Paper 2023/803

"Tesla Cryptography:" Powering Up Security with Other Than Mathematical Complexity

Gideon Samid, Case Western Reserve University
Abstract

For decades now, mathematical complexity is being regarded as the sole means to creating a sufficient distance between a ciphertext and its generating plaintext. Alas, mathematical complexity operates under the irremovable shadow of stealth cryptanalysis. By its nature mathematical complexity is vulnerable to smarter mathematicians and better equipped adversaries, which is a sufficient motivation to explore an alternative means to project security. Applying the Innovation Solution Protocol such an alternative has been found: randomness. Not as next to mathematical complexity, rather as its replacement. Unlike complexity, randomness is not vulnerable to smarter mathematicians and better equipped adversaries. It removes the shadow under which all modern ciphers operate by proposing a framework wherein the message transmitter may apply arbitrary quantities of ad-hoc randomness with which to secure a transmission over a secret key of arbitrary large size; and where only a part thereto may participate in any instance of encryption; and where security is increased in proportion to the amount of randomness involved.
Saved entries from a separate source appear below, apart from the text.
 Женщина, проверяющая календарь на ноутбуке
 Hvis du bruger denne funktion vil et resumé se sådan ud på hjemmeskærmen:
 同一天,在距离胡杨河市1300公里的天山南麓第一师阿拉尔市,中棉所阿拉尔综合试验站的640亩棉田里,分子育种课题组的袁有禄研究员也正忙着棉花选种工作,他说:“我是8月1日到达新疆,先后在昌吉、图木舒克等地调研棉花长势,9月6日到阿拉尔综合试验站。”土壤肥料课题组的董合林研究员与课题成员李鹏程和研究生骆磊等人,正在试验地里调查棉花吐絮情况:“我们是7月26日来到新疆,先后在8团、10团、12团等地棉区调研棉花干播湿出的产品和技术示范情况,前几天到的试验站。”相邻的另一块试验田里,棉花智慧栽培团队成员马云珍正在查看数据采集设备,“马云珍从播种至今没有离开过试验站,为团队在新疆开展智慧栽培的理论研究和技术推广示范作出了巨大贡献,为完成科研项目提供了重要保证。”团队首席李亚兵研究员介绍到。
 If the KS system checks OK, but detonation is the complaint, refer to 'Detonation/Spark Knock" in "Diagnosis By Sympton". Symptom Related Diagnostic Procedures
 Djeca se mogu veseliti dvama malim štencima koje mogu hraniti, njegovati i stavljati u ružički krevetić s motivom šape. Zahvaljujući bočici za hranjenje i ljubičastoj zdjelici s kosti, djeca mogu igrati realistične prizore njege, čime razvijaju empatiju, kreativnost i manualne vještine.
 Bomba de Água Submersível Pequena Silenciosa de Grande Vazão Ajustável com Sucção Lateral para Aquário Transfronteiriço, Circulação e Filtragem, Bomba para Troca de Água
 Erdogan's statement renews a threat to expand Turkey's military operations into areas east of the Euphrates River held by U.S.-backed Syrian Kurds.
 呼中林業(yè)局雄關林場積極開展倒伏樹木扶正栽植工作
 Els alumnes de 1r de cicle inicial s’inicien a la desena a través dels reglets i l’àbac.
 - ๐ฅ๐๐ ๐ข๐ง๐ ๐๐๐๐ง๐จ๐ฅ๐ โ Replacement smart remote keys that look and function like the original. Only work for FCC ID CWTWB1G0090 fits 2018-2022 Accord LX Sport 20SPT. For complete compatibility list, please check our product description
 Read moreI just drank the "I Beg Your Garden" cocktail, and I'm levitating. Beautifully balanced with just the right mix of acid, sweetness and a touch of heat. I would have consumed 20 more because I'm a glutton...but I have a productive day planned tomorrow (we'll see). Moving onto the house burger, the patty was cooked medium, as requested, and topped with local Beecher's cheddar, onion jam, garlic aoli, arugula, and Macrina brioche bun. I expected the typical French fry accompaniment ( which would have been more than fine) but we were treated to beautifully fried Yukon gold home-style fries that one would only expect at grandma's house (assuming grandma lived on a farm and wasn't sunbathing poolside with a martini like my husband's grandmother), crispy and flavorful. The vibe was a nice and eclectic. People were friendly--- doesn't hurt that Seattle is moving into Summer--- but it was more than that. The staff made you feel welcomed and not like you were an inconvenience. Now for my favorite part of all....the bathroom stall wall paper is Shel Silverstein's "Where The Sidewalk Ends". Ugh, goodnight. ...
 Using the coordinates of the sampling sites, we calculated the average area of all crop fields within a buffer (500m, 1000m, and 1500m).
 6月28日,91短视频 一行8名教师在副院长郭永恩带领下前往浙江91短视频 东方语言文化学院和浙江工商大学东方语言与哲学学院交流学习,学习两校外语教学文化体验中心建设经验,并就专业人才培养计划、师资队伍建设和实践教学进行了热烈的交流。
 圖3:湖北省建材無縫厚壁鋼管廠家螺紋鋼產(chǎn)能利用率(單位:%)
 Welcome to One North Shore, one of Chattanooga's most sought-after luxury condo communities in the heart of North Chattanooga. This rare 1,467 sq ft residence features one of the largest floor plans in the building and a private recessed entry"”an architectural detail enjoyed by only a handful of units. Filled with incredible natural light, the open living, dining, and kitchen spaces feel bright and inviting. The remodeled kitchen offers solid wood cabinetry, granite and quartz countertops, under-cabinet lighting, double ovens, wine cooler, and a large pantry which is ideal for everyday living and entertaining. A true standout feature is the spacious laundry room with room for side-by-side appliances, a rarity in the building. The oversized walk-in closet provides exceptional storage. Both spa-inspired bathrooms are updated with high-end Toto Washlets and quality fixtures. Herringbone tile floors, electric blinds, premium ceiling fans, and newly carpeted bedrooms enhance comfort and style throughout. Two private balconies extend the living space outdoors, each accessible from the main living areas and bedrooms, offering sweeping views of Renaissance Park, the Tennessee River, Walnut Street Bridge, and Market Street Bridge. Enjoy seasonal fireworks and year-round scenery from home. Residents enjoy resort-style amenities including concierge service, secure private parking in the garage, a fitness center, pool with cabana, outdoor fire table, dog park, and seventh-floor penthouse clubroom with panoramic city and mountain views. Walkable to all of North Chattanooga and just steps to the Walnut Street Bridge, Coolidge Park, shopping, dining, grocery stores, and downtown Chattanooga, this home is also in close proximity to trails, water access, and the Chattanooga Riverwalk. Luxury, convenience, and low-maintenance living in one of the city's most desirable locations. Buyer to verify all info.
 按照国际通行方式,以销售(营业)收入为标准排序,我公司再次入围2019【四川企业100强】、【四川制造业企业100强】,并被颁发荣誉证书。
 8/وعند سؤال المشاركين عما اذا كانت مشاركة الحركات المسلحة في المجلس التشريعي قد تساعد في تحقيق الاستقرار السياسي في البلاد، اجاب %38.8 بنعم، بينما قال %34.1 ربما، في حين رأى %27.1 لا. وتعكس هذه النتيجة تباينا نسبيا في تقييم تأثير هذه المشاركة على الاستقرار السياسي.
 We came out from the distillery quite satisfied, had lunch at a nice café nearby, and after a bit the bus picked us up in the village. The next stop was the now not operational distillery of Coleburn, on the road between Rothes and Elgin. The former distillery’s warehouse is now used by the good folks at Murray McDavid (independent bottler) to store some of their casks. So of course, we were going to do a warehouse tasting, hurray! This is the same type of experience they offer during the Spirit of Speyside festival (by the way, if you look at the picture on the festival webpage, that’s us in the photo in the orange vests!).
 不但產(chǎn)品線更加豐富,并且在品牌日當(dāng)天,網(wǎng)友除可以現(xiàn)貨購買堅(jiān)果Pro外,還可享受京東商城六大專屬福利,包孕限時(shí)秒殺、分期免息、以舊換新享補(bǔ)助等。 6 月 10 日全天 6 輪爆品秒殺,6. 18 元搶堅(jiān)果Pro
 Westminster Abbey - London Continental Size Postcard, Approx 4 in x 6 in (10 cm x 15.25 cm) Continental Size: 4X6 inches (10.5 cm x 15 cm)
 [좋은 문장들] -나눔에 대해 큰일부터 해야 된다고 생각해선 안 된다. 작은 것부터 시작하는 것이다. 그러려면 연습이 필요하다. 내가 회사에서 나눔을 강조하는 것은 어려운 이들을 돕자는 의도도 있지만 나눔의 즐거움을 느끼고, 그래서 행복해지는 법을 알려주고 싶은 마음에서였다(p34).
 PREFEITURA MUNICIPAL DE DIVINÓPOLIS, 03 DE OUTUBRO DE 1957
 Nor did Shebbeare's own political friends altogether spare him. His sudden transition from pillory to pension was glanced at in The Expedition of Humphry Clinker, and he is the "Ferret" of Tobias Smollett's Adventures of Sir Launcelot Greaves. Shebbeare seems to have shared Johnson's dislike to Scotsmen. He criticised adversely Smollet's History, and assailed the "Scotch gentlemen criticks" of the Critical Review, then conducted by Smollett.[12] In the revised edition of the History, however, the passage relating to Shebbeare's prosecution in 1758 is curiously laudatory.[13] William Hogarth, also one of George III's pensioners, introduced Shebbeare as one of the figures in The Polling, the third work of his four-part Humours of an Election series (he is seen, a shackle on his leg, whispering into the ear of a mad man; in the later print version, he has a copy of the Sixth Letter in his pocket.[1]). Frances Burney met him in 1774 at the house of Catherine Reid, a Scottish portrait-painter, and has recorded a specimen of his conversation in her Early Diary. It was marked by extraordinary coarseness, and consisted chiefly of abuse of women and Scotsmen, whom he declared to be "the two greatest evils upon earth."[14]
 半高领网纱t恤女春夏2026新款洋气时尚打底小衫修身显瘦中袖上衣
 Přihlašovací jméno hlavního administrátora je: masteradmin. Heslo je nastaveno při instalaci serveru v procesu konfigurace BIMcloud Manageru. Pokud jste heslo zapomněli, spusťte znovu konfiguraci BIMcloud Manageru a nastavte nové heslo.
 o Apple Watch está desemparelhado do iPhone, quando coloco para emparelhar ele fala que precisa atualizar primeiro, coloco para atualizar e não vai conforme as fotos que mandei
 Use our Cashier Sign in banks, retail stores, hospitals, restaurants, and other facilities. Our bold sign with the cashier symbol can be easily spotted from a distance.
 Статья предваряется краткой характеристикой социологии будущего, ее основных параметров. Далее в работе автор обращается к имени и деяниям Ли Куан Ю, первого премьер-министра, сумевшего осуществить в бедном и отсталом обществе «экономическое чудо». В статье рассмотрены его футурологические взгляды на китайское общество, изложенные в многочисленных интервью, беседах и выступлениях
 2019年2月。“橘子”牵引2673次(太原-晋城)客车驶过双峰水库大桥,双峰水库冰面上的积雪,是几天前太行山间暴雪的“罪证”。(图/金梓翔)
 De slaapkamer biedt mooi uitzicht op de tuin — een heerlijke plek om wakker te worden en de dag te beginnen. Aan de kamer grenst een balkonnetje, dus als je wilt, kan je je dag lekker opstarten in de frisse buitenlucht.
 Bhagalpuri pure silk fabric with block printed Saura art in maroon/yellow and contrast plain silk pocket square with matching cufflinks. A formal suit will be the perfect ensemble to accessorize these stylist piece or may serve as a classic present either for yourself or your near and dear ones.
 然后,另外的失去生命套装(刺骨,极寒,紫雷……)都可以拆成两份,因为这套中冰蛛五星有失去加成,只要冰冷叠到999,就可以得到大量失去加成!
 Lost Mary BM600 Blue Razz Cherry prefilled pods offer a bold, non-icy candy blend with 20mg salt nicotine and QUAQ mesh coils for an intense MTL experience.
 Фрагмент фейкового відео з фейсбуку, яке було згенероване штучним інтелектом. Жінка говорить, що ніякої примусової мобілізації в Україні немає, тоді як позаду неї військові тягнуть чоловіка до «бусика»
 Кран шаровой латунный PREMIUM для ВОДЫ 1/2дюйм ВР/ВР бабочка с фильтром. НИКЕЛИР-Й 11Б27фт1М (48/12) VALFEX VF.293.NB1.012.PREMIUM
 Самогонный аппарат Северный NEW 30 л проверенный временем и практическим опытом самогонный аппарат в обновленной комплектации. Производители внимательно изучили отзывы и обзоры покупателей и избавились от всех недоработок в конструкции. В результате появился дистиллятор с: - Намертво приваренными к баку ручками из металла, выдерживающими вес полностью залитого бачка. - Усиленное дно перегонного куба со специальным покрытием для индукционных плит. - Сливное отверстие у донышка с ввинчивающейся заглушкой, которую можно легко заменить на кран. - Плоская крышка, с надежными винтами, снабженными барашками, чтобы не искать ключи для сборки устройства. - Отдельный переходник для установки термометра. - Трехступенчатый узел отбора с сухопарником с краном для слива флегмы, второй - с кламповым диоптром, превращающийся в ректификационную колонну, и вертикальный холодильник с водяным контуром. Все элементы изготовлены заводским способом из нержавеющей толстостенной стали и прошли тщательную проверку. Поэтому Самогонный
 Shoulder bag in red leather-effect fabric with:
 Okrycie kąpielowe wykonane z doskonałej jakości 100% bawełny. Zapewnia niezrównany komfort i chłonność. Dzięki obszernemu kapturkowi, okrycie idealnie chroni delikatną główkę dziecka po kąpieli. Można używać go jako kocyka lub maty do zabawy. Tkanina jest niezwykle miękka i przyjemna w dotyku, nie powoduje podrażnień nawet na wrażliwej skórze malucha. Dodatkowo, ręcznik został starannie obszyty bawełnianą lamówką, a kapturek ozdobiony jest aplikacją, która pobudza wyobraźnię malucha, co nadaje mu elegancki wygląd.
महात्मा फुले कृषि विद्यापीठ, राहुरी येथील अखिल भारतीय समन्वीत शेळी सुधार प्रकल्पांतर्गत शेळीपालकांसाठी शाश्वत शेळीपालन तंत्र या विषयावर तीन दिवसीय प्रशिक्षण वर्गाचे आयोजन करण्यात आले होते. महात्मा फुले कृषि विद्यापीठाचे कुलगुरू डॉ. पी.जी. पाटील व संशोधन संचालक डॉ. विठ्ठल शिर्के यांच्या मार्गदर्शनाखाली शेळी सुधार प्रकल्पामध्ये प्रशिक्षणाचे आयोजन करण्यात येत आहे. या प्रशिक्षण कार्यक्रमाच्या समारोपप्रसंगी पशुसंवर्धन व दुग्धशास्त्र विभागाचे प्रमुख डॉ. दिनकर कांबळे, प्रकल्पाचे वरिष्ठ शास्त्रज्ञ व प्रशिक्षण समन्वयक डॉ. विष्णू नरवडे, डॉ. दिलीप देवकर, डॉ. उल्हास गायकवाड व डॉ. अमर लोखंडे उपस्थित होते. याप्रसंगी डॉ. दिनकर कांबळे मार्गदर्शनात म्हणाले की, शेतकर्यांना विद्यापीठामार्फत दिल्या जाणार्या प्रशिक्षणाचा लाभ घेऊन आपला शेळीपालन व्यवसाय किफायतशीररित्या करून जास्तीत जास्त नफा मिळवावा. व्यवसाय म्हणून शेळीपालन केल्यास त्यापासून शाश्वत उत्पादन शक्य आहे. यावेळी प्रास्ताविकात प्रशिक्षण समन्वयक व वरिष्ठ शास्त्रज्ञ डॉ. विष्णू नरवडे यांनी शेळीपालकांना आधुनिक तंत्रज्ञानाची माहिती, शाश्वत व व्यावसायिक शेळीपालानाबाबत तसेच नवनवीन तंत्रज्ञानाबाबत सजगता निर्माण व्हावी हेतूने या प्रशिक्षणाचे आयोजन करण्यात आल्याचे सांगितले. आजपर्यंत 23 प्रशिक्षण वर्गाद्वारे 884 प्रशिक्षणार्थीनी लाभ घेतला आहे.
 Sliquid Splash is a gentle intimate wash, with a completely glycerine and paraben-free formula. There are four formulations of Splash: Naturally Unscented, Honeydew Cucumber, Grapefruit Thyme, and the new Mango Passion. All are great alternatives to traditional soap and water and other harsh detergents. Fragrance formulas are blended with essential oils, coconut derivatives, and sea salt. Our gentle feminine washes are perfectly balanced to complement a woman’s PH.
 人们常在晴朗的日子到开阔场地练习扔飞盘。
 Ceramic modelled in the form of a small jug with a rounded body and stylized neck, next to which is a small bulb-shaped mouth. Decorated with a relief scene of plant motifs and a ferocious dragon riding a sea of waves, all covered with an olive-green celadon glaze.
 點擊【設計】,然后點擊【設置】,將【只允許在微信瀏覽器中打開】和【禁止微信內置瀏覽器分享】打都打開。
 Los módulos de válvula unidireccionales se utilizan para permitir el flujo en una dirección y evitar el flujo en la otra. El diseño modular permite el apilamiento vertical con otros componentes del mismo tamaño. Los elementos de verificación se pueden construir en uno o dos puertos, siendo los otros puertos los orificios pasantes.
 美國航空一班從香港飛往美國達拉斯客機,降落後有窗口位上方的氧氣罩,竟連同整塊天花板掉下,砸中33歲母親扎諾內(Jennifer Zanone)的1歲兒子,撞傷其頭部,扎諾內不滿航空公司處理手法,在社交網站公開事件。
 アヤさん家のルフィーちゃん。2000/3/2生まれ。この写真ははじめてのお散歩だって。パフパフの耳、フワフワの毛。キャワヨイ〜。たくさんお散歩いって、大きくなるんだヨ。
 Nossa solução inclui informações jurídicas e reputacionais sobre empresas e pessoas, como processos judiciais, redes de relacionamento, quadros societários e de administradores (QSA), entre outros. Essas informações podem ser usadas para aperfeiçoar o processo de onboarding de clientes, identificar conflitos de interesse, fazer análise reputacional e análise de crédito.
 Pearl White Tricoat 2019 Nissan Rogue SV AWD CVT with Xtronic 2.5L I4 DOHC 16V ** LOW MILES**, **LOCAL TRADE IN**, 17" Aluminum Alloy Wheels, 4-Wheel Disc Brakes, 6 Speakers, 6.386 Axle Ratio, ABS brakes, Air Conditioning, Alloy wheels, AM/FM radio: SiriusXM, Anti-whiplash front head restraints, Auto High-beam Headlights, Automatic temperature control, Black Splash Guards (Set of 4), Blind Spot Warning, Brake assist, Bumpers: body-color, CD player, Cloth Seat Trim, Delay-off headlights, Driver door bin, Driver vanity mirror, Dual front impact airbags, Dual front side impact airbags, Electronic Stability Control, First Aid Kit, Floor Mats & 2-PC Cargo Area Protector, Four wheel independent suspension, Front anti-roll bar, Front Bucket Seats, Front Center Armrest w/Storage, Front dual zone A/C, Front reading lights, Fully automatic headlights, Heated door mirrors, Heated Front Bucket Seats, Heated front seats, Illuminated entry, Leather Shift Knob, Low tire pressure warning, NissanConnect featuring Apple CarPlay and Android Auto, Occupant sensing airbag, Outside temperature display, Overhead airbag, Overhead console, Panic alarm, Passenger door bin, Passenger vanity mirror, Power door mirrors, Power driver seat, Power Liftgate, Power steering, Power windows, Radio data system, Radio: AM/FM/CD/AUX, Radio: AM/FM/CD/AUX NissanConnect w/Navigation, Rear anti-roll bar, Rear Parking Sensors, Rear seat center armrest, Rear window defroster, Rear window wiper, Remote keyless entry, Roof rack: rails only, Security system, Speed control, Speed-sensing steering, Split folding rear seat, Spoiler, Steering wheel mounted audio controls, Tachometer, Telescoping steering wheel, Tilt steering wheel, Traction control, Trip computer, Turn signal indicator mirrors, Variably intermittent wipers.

Handling the large quantities of randomness is 'messy' and inconvenient, albeit, the user, not the cipher designer, decides how much inconvenience to put up with in order to build sufficient security to meet the pressing threat. With sufficient randomness, transmission security may exceed One-Time-Pad (OTP) in as much as even the size of the plaintext is not determinable. Ciphers that shift the security responsibility to the user are called "Trans-Vernam", honoring Gilbert S. Vernam's OTP, or "Tesla Ciphers", reflective of the fact that Tesla offered a new power source for the automotive industry, much as the Tesla ciphers offer a new security source for cyberspace. The Tesla cryptographic modality has its security substantiated with a mathematical proof. It is Quantum ready and AI resistant. It is battery-friendly, and ultra fast. Albeit this proposal brings to question a long-established cryptographic premise, with all that is involved.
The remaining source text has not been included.